If Part 1 was about the architecture difference between 1M and 200K context windows, this Part 2 is about vendor and model choice: what should an engineering team test if Claude Opus 4.7 1M is too expensive, too closed, too slow, or not aligned with the deployment constraints?
What You Will Learn Here
- Which 2026 models are credible alternatives to Claude Opus 4.7 1M
- Why “1M context” is not enough information to choose a model
- Where GPT-5.5, DeepSeek V4 Pro, V4 Flash, Gemini 3.1 Pro, Gemini 3.5 Flash, and Kimi K2.6 fit
- How to design an engineering eval before swapping Opus out of an agent pipeline
- A simple routing pattern for long-context engineering agents
The Baseline: Why Opus 4.7 Is Hard to Replace
As of May 22, 2026, Anthropic’s docs describe Claude Opus 4.7 as their most capable generally available model, with a 1M-token context window, 128K max output tokens, adaptive thinking, and the same broad tool/platform feature set as Opus 4.6.
The important part for engineers is not only the window size.

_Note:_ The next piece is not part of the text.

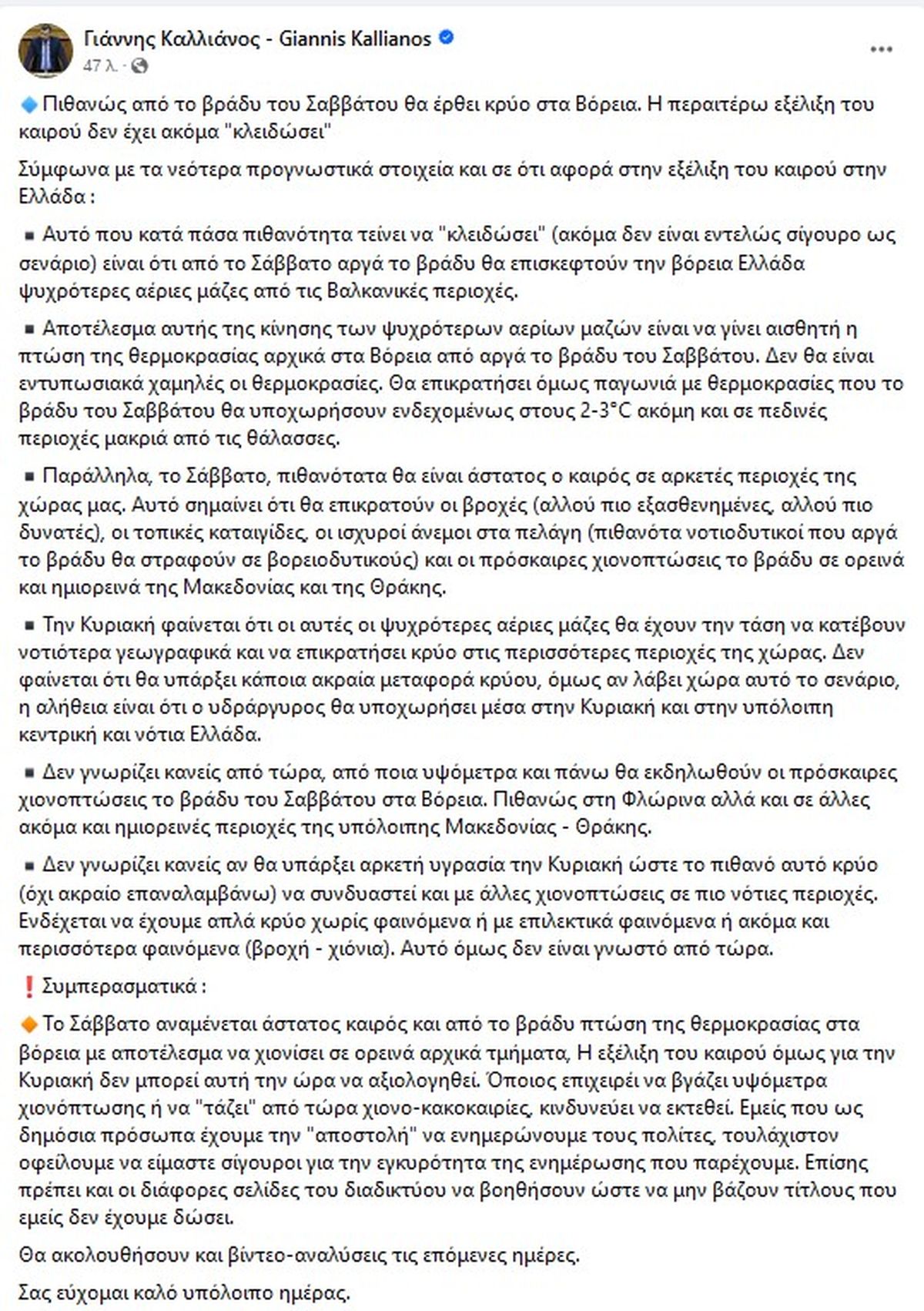 Την Κυριακή οι ψυχρότερες αέριες μάζες «θα έχουν την τάση να κατέβουν νοτιότερα γεωγραφικά και να επικρατήσει κρύο στις περισσότερες περιοχές της χώρας». Ο κ. Καλλιάνος μάλιστα σπεύδει να διεκρινίσει: «Η εξέλιξη του καιρού όμως για την Κυριακή δεν μπορεί αυτή την ώρα να αξιολογηθεί».

Opus 4.7 is interesting because the surrounding platform is built for long-running agents:
- context awareness and context-budget updates
- server-side compaction for long conversations
- adaptive thinking instead of manual thinking budgets
- task budgets for scoping agentic loops
- high-resolution image support for screenshots, docs, and computer-use workflows
- pricing without a separate long-context premium on Anthropic’s first-party API
That makes Opus 4.7 less like “a model with 1M tokens” and more like “a model plus harness assumptions for long-running work.”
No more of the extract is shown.